Saturday, July 26, 2014

Quick and easy "software diversification"

The Economist published an article Divided we stand about the work that Full Professor Michael Franz did at University of California at Irvine to further secure software applications.

The gist of the technique is to compile the same source code into many variant binaries that perform the same function, but differ structurally, at the machine instruction level. For example: the sequence MOV EAX, EBX; XOR ECX, EDX can be rearranged into XOR ECX, EDX; MOV EAX, EBX, or made into MOV EAX, EBX; NOP; XOR ECX, EDX without affecting any functionality of the sequence. The team modified compilers (both LLVM clang and GCC) to automatically (and deterministically) introduce diversity (randomness) in the instruction scheduler. As such, exploit writers will have a harder time targeting all variants.

This immediately reminds me of a simply trick I used many years ago to achieve a similar effect: Randomizing the linking order of object files. Consider this, if you have object main.o, strcpy.o, and puts.o, you can create 6 (3 factorial) variants by linking them in different permutation orders:

  1. main strcpy puts
  2. main puts strcpy
  3. strcpy main puts
  4. strcpy puts main
  5. puts main strcpy
  6. puts strcpy main
$ gcc -o t1 f1.o main.o
$ gcc -o t2 main.o f1.o
$ nm t1
0000000100001040 S _NXArgc
0000000100001048 S _NXArgv
0000000100001058 S ___progname
0000000100000000 T __mh_execute_header
0000000100001050 S _environ
                 U _exit
0000000100000ec0 T _f1
0000000100000ed0 T _main
0000000100001000 s _pvars
                 U dyld_stub_binder
0000000100000e80 T start
$ nm t2
0000000100001040 S _NXArgc
0000000100001048 S _NXArgv
0000000100001058 S ___progname
0000000100000000 T __mh_execute_header
0000000100001050 S _environ
                 U _exit
0000000100000ef0 T _f1
0000000100000ec0 T _main
0000000100001000 s _pvars
                 U dyld_stub_binder
0000000100000e80 T start

In the first variant, f1 is at ~EC0 and main is at ~ED0. In the second variant, f1 is at ~EF0 and main is at ~EC0. There is a clear difference in the structure of the binaries but no functionality is affected.

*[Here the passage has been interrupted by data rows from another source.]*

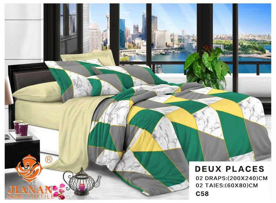 Transformez votre chambre avec cet ensemble de lit vibrant et moderne. Fabriqué en matériaux de haute qualité pour un confort optimal, il comprend deux draps de 200x240 cm et deux taies de 60x80 cm. Idéal pour ajouter une touche sophistiquée à votre décor.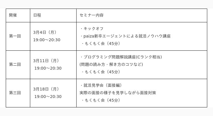 paizaキャンプで実施する就活対策セミナーの内容と開催日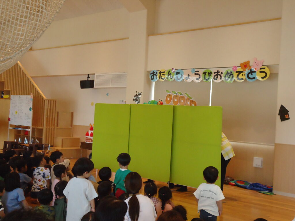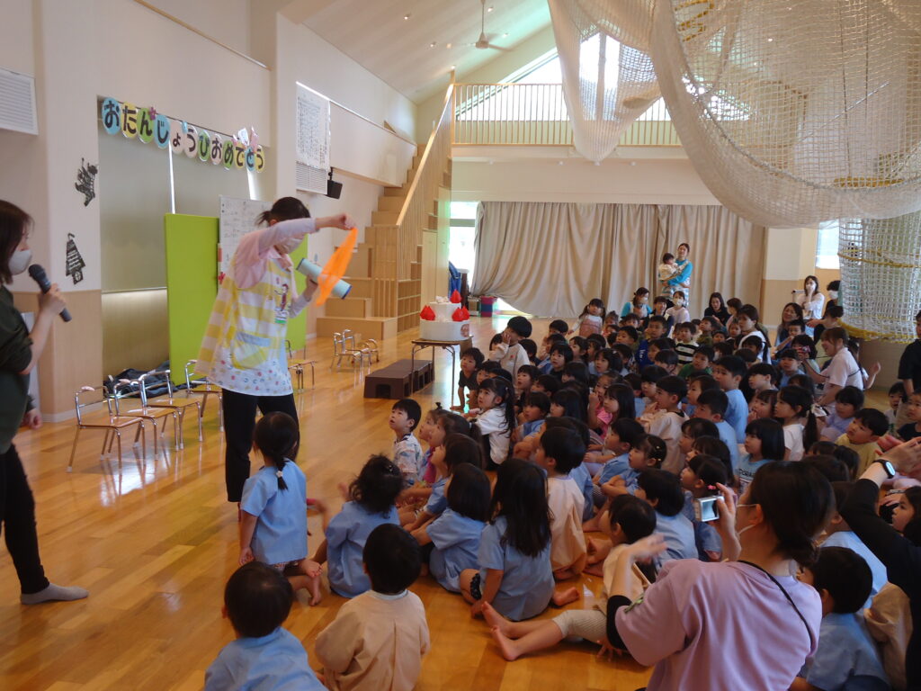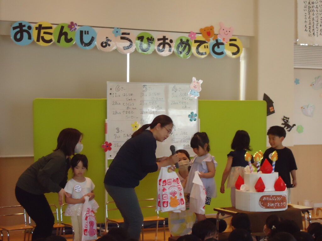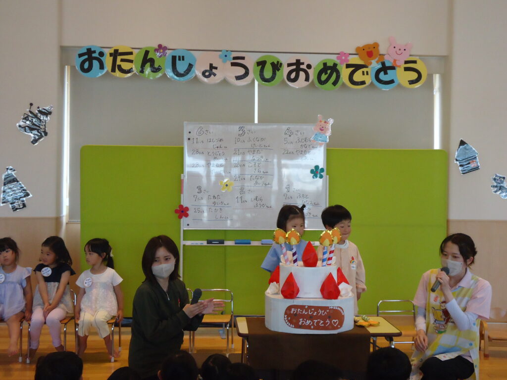 5月21日(火)にホールで5月生まれのお誕生日会が行われました。今月のお誕生日のお友だちは14名。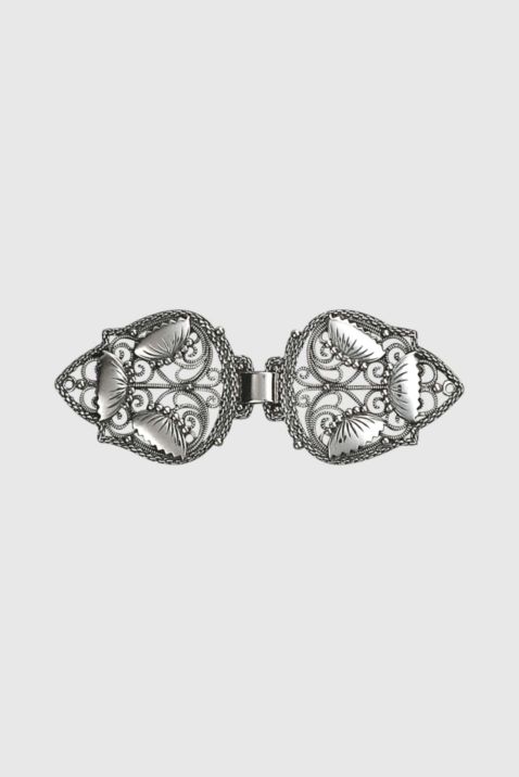 NB! Ikke lager vare.Dette er bestilling produkt, og kan ha en leveringstid på 30 dagerVestspenne i filigran, gammel modell til Nordlandsbunad.69x26 mmNormalt brukes to eller tre par i bunaden

This trick is performed at the final stage (linking) in the whole build process. Therefore, intermediate object files can be reused without recompilation. Furthermore, no source code is required for this "diversification" process to happen.

Clear tradeoffs are in the granularity of the diversification. In the context of Prof Franz's work, which is mainly in defense against ROP exploit, I'll happily ignore such granularity.

Oh, by the way, I did not use this trick to "secure" the application. It seems like a wrong tool for that purpose due to distribution and debugging problems it creates.